The research projects in the Bensinger lab are centered on understanding how lipid metabolism influences cellular fate and function. Sometimes our research focuses on normal physiologic conditions, such as the generation and regulation of inflammation and immunity. Other studies investigate how alterations in lipid metabolism contribute to diseases and whether targeting lipid metabolism might be therapeutic. In close collaboration with the UCLA lipidomics laboratory, we develop new approaches to understand better the biochemical pathways and complex features of the mammalian lipidome. Below, we highlight a few exciting ideas and projects the lab is investigating. We hope you enjoy the highlights of our projects.

Major research initiatives:

For over a decade, scientists in the Bensinger lab have investigated how different activation signals reprogram the lipid metabolic state of immune cells and determine why these changes occur. We have shown that immune cells undergo rapid and profound remapping of their lipid composition using advanced mass spectrometry platforms. In some studies, we find that changes in lipid metabolism help to ensure appropriate inflammatory responses and immune cell effector functions. In other instances, we find that specific lipid metabolic features are required to induce anti-inflammatory states and ramp down immunity. Finally, we have been translating information about the changes in lipid metabolism during immune responses to generate new therapeutic approaches for human disease. Please take a look at a few of our exciting projects below.

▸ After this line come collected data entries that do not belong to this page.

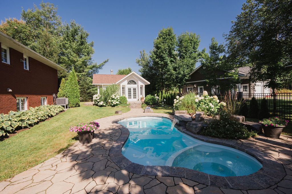 • Outdoor amenities include a pool, hot tub, and beautifully landscaped yard.
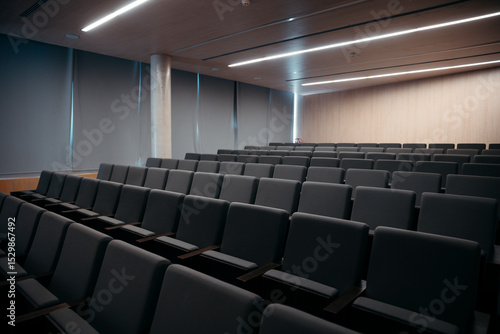 Modern Empty Auditorium with Comfortable Seats and Minimalist Design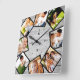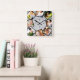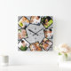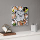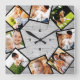 Relógio Quadrado Colagem de Fotografias da Família Cinza Rustic Chi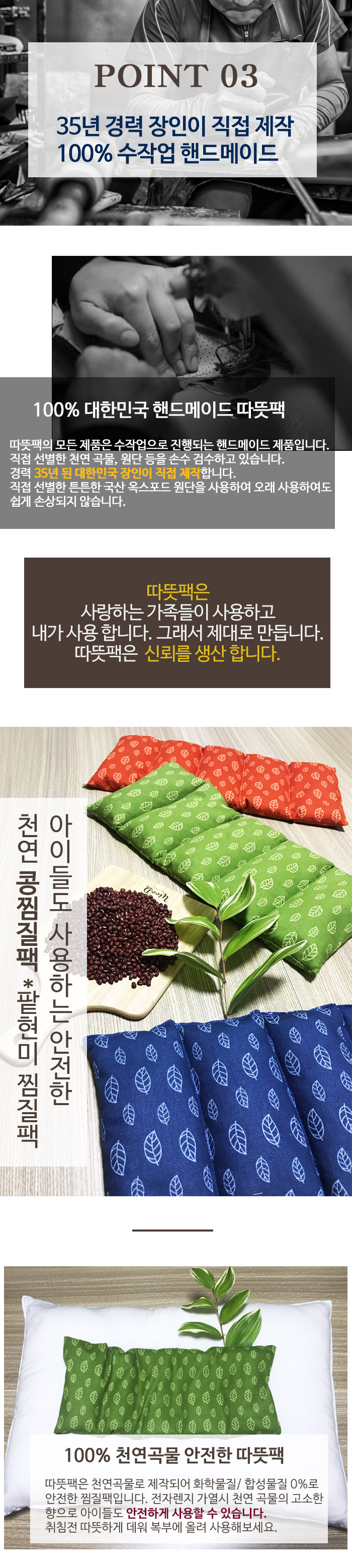 자랑스러운 대한민국에서 제작된 믿을 수 있는 대한민국 브랜드 NO.1 따뜻팩 입니다.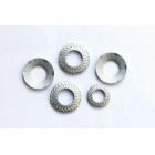 SKK標(biāo)準(zhǔn)接地墊圈、該墊圈是一款法式鎖緊墊圈的改良設(shè)計(jì)產(chǎn)品、表面不規(guī)則S形條紋有預(yù)緊防松作用。墊圈的背面設(shè)計(jì)有六個(gè)爪形剌破角!主要功能是在配合螺栓螺釘擰緊時(shí)可以剌破金屬基體表面!主要功能是剌破作用、因此也有人叫剌破墊圈、帶爪觸地墊圈!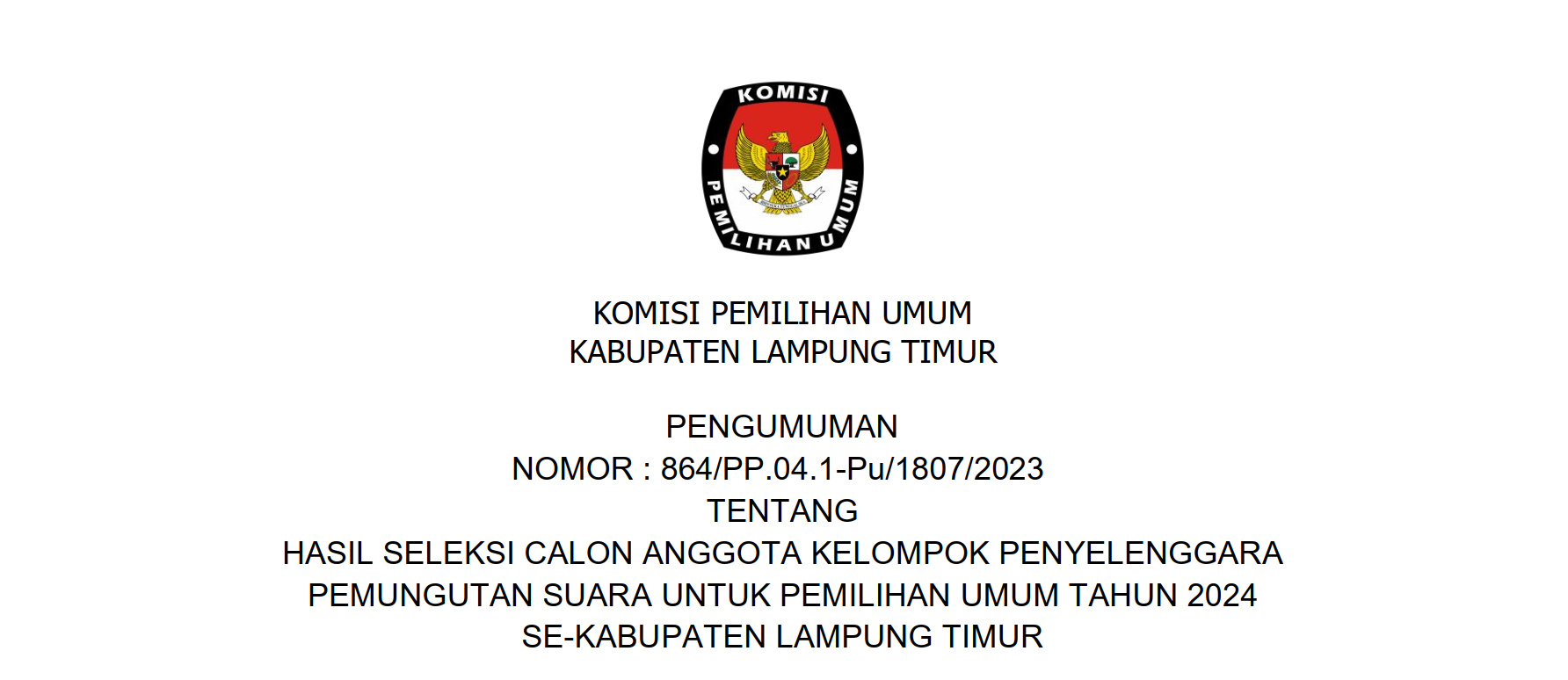PENGUMUMAN TENTANG HASIL SELEKSI CALON ANGGOTA KELOMPOK PENYELENGGARA PEMUNGUTAN SUARA UNTUK PEMILIHAN UMUM TAHUN 2024 SE-KABUPATEN LAMPUNG TIMUR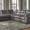 How can you not fall for this 2-piece sectional? It’s dressed to impress in a multi-tonal slate gray faux leather beautified with jumbo stitching. Box cushions and tailored tufting make for a decidedly modern aesthetic. Rest assured, it’s also got an ultra-thick pillow top armrest to cradle you in comfort.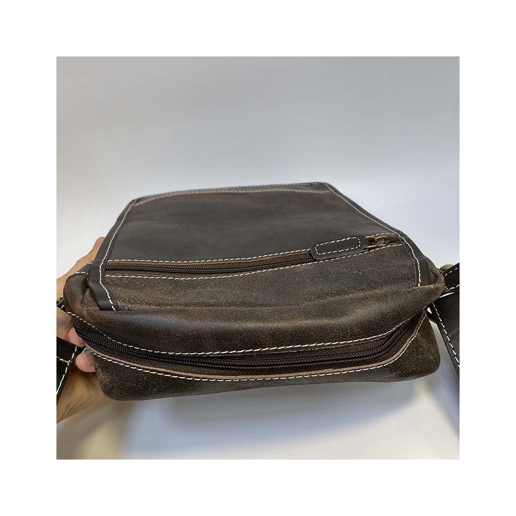 Crossbody kožená messenger taška je v příjemném broušeném hnědém odstínu. Přední kapsa na zip, Po otevření celé tašky na zip máte další kapsu a vnitřní klasické uspořádání, které lze celé zapnout na zip. Výhodou je i další kapsa na zip na zadní straně.

Targeting lipid metabolism to attenuate tissue destruction in necrotizing soft tissue infections   

Necrotizing Fasciitis (NF), or flesh-eating disease, is a medical emergency caused by infection of select gram-positive microbes. These microbes release toxins that induce massive tissue destruction, complicating perfusion to the wound area and decreasing the effectiveness of systemic antibiotics. In the laboratory, we discovered that interferons could quickly alter cell cholesterol synthesis. This abrupt change in cholesterol homeostasis renders cells resistant to pore-forming toxins produced by microbes responsible for Necrotizing Fasciitis. Importantly, this principle seems to apply to the skin, where we can alter tissue sensitivity to toxin damage by genetically altering sterol metabolism. A working model of this process is detailed below. Ongoing studies investigate whether directly targeting cholesterol metabolism in infected tissues can spare them from the massive tissue destruction observed in these deadly infections.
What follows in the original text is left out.